When the pilot moved his arm, flow would go from the input cylinder on the exo-frame to the signal cylinder on the spool valve atop the platform and open the valve (essentially remotely operating the valve). This would cause the joint on the leg to move and bring the feedback cylinder with it, which would move the signal cylinder on the valve in such a way as to close the valve once the leg joint caught up with the position of the exo-frame. If the pilot wanted to keep the valve open to keep the joint moving, he would have to keep moving his arm. This created a very smooth and stable positional feedback control system with essentially only three moving parts (aside from the spool valve). It was interesting to note that if the feedback cylinder (in the joint) was plumbed directly to the signal cylinder (on the spool valve), resonance and shuddering would occur at certain flow rates. By putting the pilot in the middle of the loop, the feedback signal was sufficiently damped before affecting the valve, creating a stable system across all operating conditions.

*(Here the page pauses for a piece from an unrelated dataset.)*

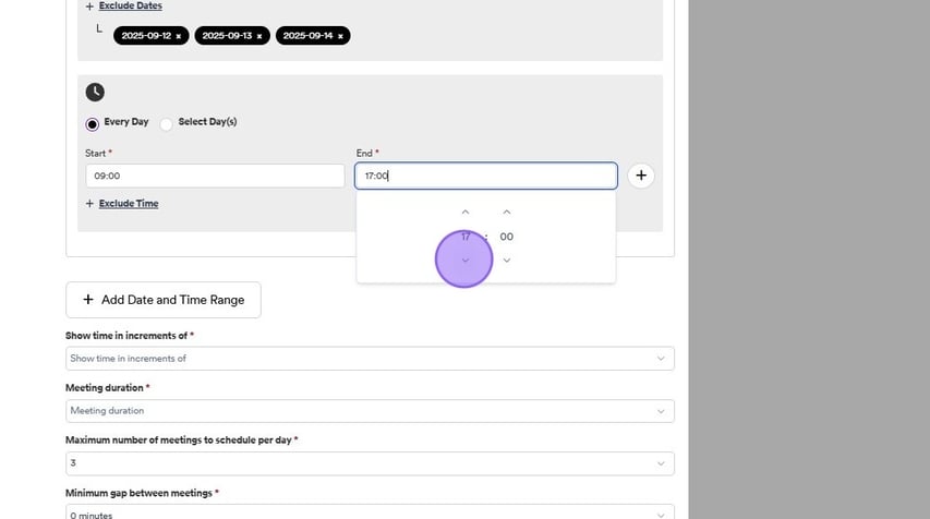 To set your end time, repeat the steps by clicking on the "End" drop-down, and select the appropriate time.

While functionally very satisfactory, the system suffered from three main problems: a large deadband, limited adjustability, and high input forces.
The next-generation control system, shown in Fig. 5, addressed all of these problems by switching to solenoid valves and controllers donated by Hydraforce. This reduced the deadband, introduced many more points and ranges of adjustment, and allowed input forces to potentially be reduced to nearly zero.
The hydraulic logic circuit was reduced to two cylinders—the input cylinder on the exo-frame and feedback cylinder in the joint on the leg—with the valve transducer connected in series with the input cylinder by a common arm linkage as shown in Fig. 6. Because the input signal was picked up by a rotary encoder, the input force could be as low as desired and was set by adjusting a centering spring. The damping in the system was adjusted through a separate damper. The ratios of all of these elements could be adjusted independently to give the right amount of resistance and stability required for “that sporty feel.” Further, the programmability of the Hydraforce valves gave another point of control to adjust response curves or compensate for factors like user skill and preference and asymmetric cylinder response.
While this more advanced technology solved many of the user experience issues, it is more complex and will require more tuning to reach peak performance. We are presently working with the Hydraforce applications engineers to optimize the system for conditions like overrunning loads and high-differential pressures seen when moving the leg through the air unloaded. There is still work to be done, but the system promises to produce the right combination of performance and usability to be worthy of a sports machine. Once this system is proven to be stable and provide the user experience we want, we will be ready to scale up and build the final, full-scale, 4-legged walking machine, coming in 2015 to a stadium near you!